About this task →
An exact copy of every record is needed, with the pictures left out.

Raw data →
□ □ □ □

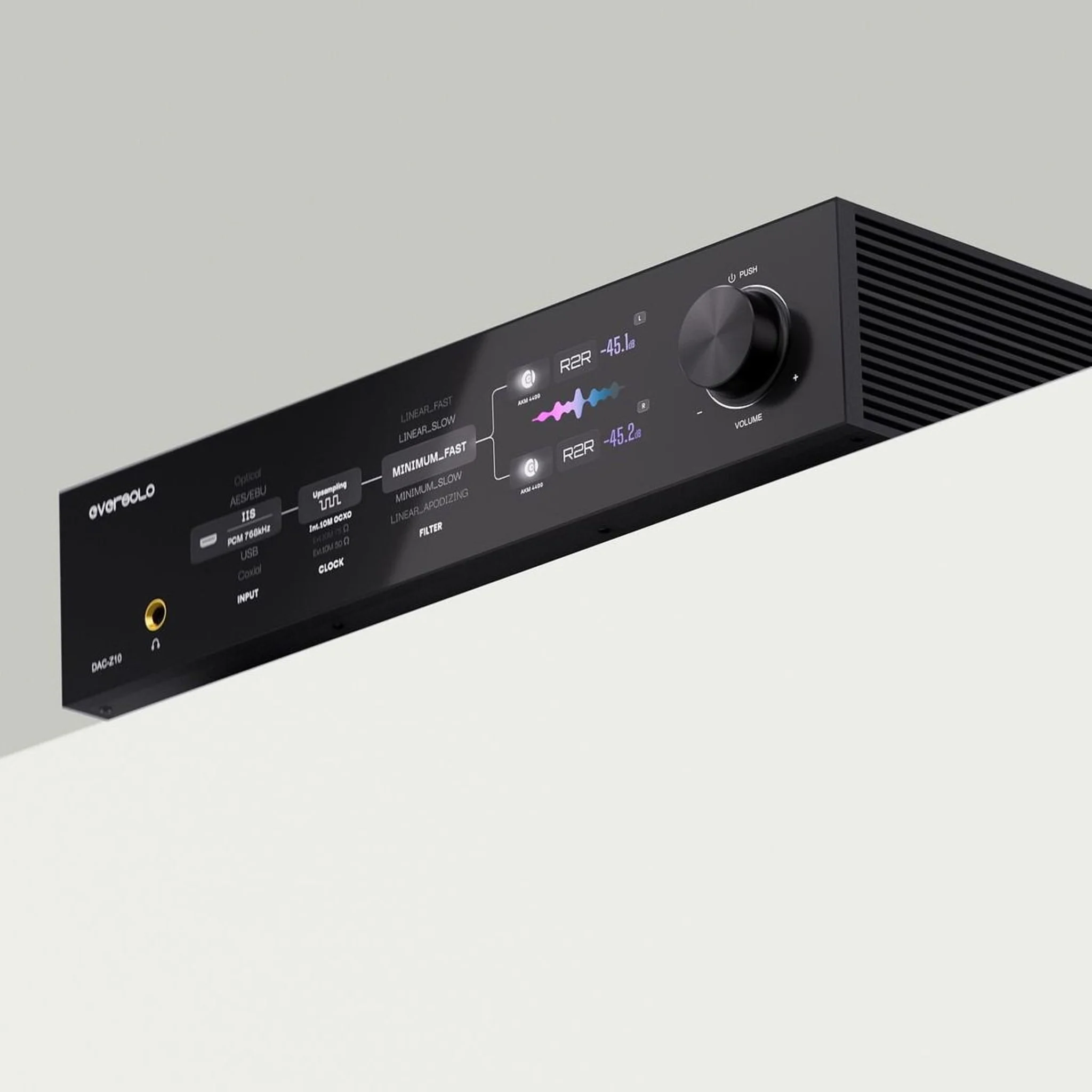 Dubbla DAC‑moduler och R2R‑volym Varje kanal har egna AK4191+AK4499‑moduler för balanserad återgivning med hög dynamik och låg distorsion. En R2R‑motståndsmatris för volymkontroll bibehåller signalens integritet över alla nivåer, vilket ger bättre dynamik än många digitala volymlösningar.
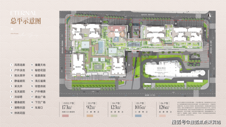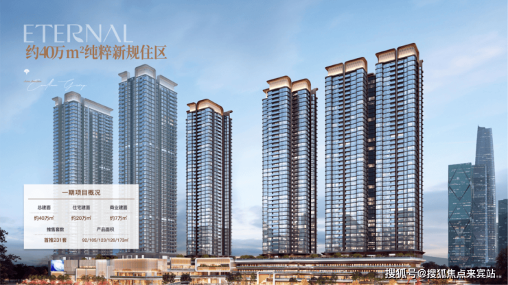 首推入市的住宅产品是「卓越缦悦」西地块(一期)的1-5栋,约232套面积段为约92-105-123-126-173㎡的3-4房,总高45F,5梯6户。
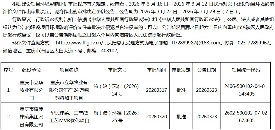 涪陵区生态环境局关于重庆市立华牧业有限公司、重庆市涪陵榨菜集团股份有限公司项目环评审批决定公告20260323
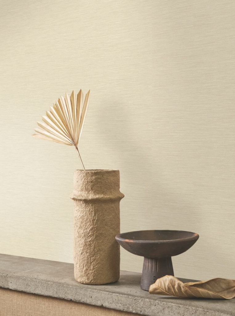 finoman árnyalt homokszínű tapéta amely úgy utánozza a szalmafonatot
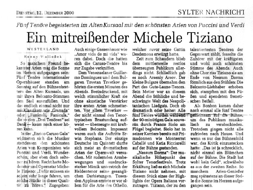 „Das Tenorfach war bestens durch Michele Tiziano vertreten, der die Arie des
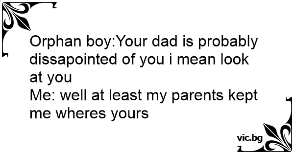 Orphan boy:Your dad is probably dissapointed of you i mean look at you

□ □ □ □

Solution →
 Dubbla DAC‑moduler och R2R‑volym Varje kanal har egna AK4191+AK4499‑moduler för balanserad återgivning med hög dynamik och låg distorsion. En R2R‑motståndsmatris för volymkontroll bibehåller signalens integritet över alla nivåer, vilket ger bättre dynamik än många digitala volymlösningar.
 首推入市的住宅产品是「卓越缦悦」西地块(一期)的1-5栋,约232套面积段为约92-105-123-126-173㎡的3-4房,总高45F,5梯6户。
 涪陵区生态环境局关于重庆市立华牧业有限公司、重庆市涪陵榨菜集团股份有限公司项目环评审批决定公告20260323
 finoman árnyalt homokszínű tapéta amely úgy utánozza a szalmafonatot
 „Das Tenorfach war bestens durch Michele Tiziano vertreten, der die Arie des
 Orphan boy:Your dad is probably dissapointed of you i mean look at you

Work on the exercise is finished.